_YOUR INSTRUCTIONS_
Begin at the line containing "공동언론발표 [제공/연합뉴스] |" in the records below, end at the line containing "小伙伴们好,最近小闻发现有诸", and retype each line in that span exactly. No other line and no image should appear.

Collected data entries
###

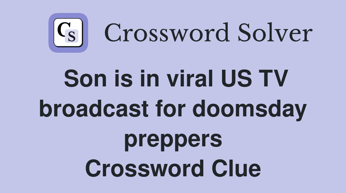 Son is in viral US TV broadcast for doomsday preppers Crossword Clue
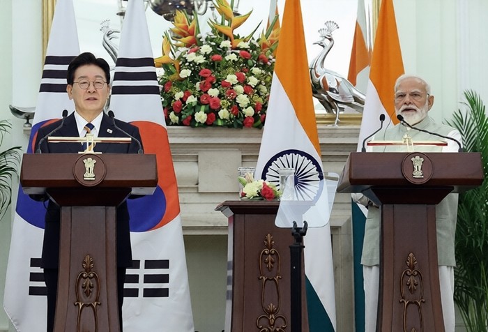 | ▲ 사진= 이재명 대통령과 나렌드라 모디 인도 총리가 20일(현지시간) 뉴델리 영빈관에서 공동언론발표 [제공/연합뉴스] |
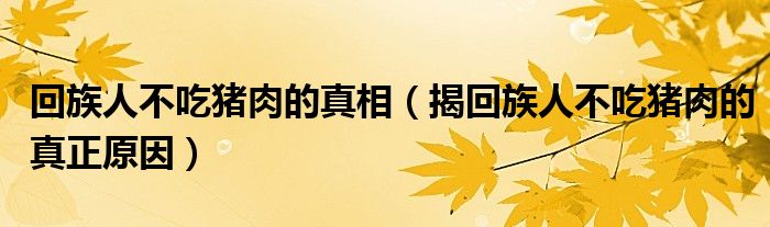 小伙伴们好,最近小闻发现有诸多的小伙伴们对于揭回族人不吃猪肉的真正原因这个都颇为感兴趣的,那么小跳今天就来为大家梳理下具体的一些信息一起来看看吧。
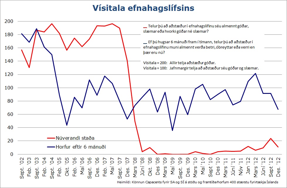 Aðstæður í atvinnulífinu hafa farið versnandi sem og horfur á þessu ári. Tveir af hverjum þremur stjórnendum telja aðstæður í atvinnulífinu vera slæmar og einungis 4% góðar, en aðrir að þær séu hvorki góðar né slæmar. Breytingin frá síðustu könnun í september 2012 er afgerandi en þá taldi innan við helmingur aðstæður slæmar. Þetta eru helstu niðurstöður ársfjórðungslegrar könnunar á stöðu og framtíðarhorfum stærstu fyrirtækja, sem gerð var um í desember 2012. Allir stjórnendur í byggingariðnaði telja aðstæður slæmar og tæp 90% stjórnenda í sjávarútvegi. Nægt framboð er af starfsfólki og þeim fyrirtækjum fer fækkandi sem skortir fólk. Í heild er búist við nokkurri fækkun starfsmanna á næstu sex mánuðum. Verðbólguvæntingar fara minnkandi en eru þó háar þar sem búist er við 4,0% verðbólgu á næstu 12 mánuðum.
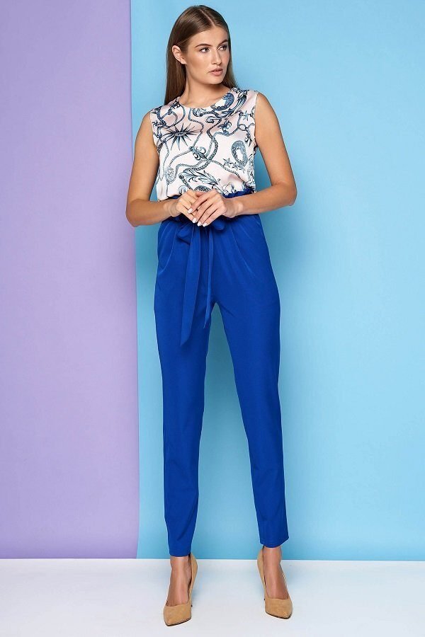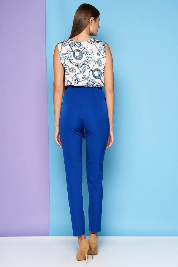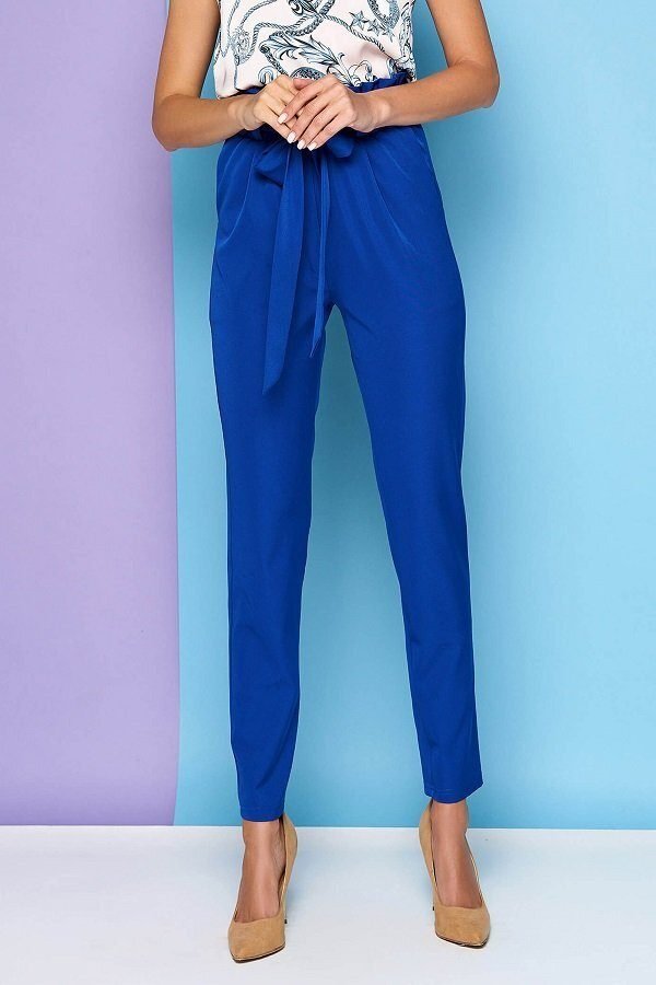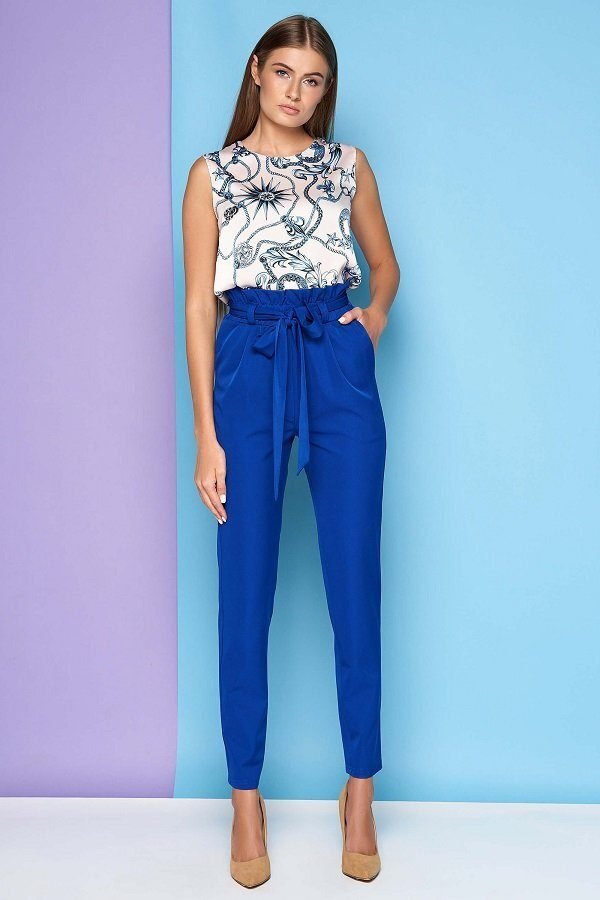 Брюки прямого кроя, слегка заужены к низу с высокой посадкой. Необходимая и универсальная вещь в гардеробе, которая будет хорошо сочетаться с любым верхом. По бокам изделия находятся два врезных кармана. Так же в комплект входит пояс, который дополнит ваш образ.

###

_EXERCISE RESPONSE_
 | ▲ 사진= 이재명 대통령과 나렌드라 모디 인도 총리가 20일(현지시간) 뉴델리 영빈관에서 공동언론발표 [제공/연합뉴스] |
 小伙伴们好,最近小闻发现有诸多的小伙伴们对于揭回族人不吃猪肉的真正原因这个都颇为感兴趣的,那么小跳今天就来为大家梳理下具体的一些信息一起来看看吧。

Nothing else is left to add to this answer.